_What you have to do_:
Copying exactly, give the lines in the material below from the one with "Una tècnic del" to the one with "野薄荷精油/玉米薄荷精油/日本薄荷精油(Cornmint/Field Mint/Japanese Mint):學名為Mentha", ends included, and nothing besides.

_Information shown_:

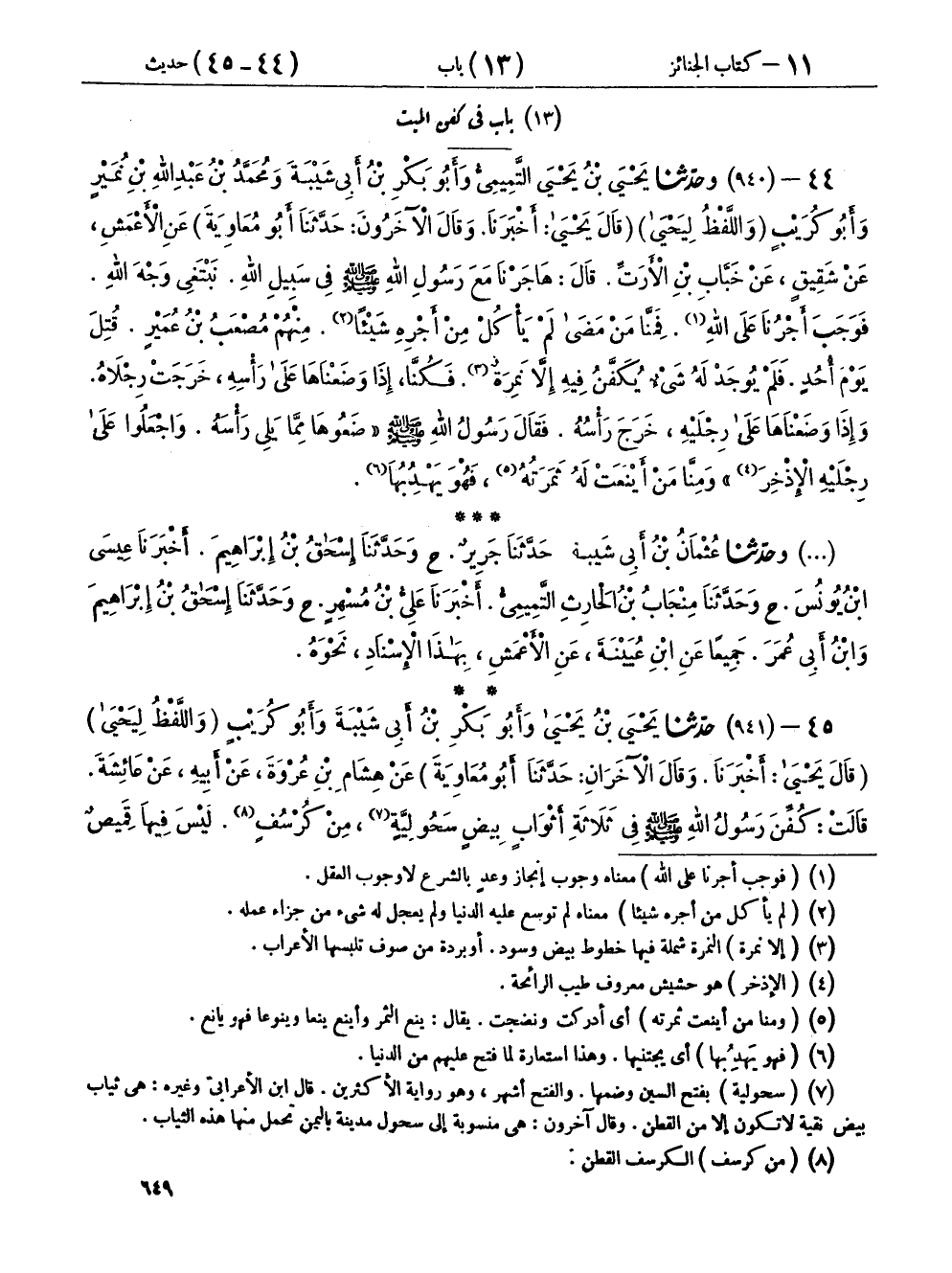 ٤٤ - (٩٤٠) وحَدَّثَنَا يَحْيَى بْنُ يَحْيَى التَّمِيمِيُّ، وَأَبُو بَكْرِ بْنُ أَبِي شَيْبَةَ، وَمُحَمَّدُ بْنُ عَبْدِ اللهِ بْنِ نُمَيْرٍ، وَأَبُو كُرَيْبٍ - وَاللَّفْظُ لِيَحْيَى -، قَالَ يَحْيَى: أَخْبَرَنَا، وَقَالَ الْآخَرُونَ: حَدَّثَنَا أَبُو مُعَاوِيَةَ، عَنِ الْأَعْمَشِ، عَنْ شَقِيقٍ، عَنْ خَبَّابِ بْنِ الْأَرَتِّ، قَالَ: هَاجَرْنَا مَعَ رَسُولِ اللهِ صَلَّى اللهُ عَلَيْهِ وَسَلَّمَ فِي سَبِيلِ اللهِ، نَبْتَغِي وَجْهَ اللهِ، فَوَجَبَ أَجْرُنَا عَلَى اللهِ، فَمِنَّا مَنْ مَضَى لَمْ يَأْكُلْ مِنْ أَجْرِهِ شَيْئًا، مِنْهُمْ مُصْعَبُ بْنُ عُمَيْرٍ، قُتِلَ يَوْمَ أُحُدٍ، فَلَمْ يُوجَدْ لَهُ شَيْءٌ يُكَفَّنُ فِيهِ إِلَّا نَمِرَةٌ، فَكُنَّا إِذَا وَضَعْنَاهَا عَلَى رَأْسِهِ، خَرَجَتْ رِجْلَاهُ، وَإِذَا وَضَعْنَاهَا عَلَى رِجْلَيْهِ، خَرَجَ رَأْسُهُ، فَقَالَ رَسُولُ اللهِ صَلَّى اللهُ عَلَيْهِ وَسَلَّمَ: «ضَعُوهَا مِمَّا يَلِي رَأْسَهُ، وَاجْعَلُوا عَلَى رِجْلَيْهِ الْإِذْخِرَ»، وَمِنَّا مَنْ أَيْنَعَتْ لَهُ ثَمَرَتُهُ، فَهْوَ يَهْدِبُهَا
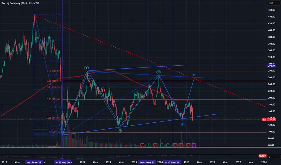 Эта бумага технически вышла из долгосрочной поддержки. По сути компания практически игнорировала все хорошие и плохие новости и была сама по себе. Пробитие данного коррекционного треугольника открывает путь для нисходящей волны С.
* * *
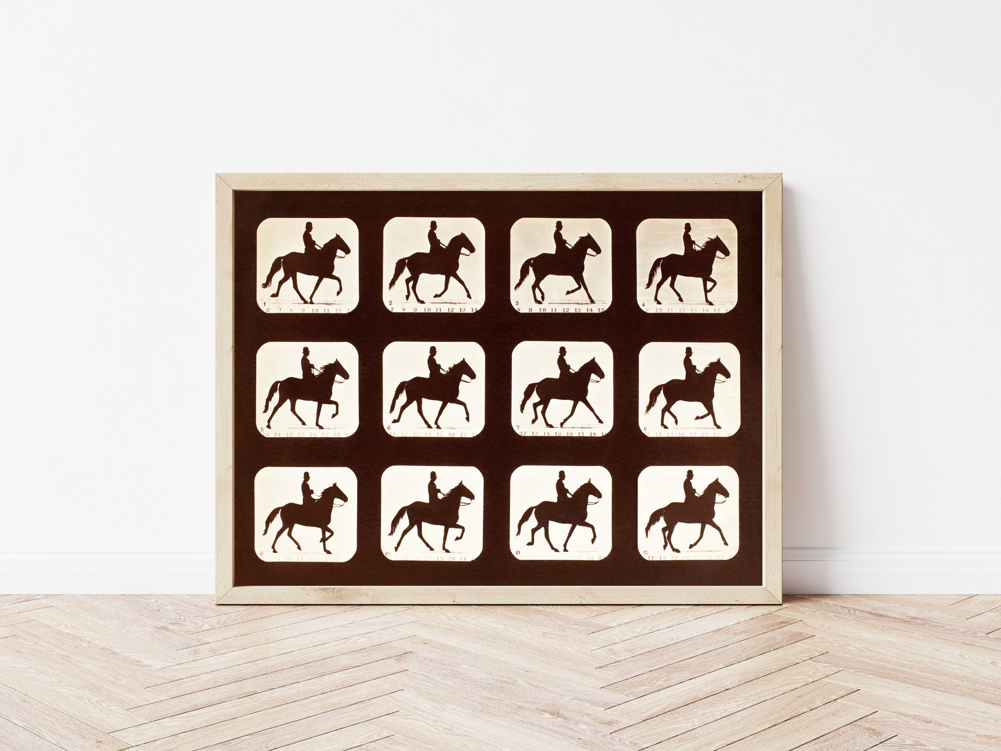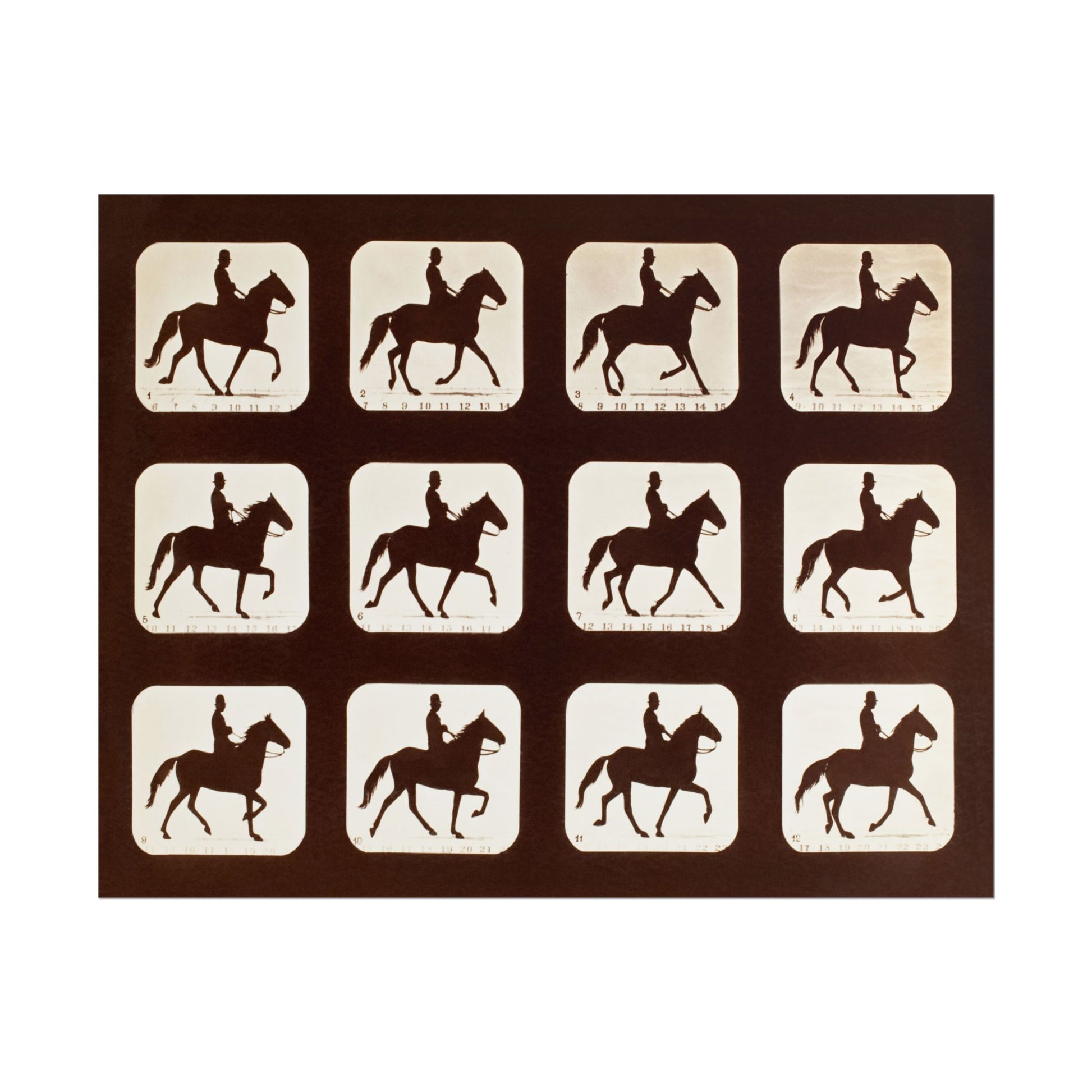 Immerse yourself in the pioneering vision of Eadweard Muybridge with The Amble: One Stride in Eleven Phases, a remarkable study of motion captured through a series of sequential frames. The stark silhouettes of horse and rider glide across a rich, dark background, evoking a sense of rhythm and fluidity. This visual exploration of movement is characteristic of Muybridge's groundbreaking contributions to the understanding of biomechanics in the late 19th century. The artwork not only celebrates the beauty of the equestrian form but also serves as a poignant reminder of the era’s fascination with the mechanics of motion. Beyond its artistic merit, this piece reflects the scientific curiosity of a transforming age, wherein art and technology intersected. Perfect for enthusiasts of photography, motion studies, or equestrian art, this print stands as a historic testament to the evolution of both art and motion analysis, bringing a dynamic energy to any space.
...
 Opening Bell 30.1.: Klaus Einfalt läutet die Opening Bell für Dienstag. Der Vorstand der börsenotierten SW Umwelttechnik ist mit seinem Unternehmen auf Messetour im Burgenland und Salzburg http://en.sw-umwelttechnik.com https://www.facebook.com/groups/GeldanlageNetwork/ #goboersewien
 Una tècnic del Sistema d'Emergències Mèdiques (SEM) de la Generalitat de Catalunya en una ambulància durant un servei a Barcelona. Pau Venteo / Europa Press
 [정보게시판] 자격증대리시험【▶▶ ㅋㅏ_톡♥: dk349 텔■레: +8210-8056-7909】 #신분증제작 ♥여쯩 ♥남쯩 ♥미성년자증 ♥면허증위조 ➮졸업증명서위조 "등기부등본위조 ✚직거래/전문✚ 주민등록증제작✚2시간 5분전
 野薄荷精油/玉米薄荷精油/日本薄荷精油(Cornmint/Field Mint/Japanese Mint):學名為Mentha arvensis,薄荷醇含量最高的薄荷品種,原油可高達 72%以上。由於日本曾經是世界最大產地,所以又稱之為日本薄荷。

_Solution for this exercise_:
 Una tècnic del Sistema d'Emergències Mèdiques (SEM) de la Generalitat de Catalunya en una ambulància durant un servei a Barcelona. Pau Venteo / Europa Press
 [정보게시판] 자격증대리시험【▶▶ ㅋㅏ_톡♥: dk349 텔■레: +8210-8056-7909】 #신분증제작 ♥여쯩 ♥남쯩 ♥미성년자증 ♥면허증위조 ➮졸업증명서위조 "등기부등본위조 ✚직거래/전문✚ 주민등록증제작✚2시간 5분전
 野薄荷精油/玉米薄荷精油/日本薄荷精油(Cornmint/Field Mint/Japanese Mint):學名為Mentha arvensis,薄荷醇含量最高的薄荷品種,原油可高達 72%以上。由於日本曾經是世界最大產地,所以又稱之為日本薄荷。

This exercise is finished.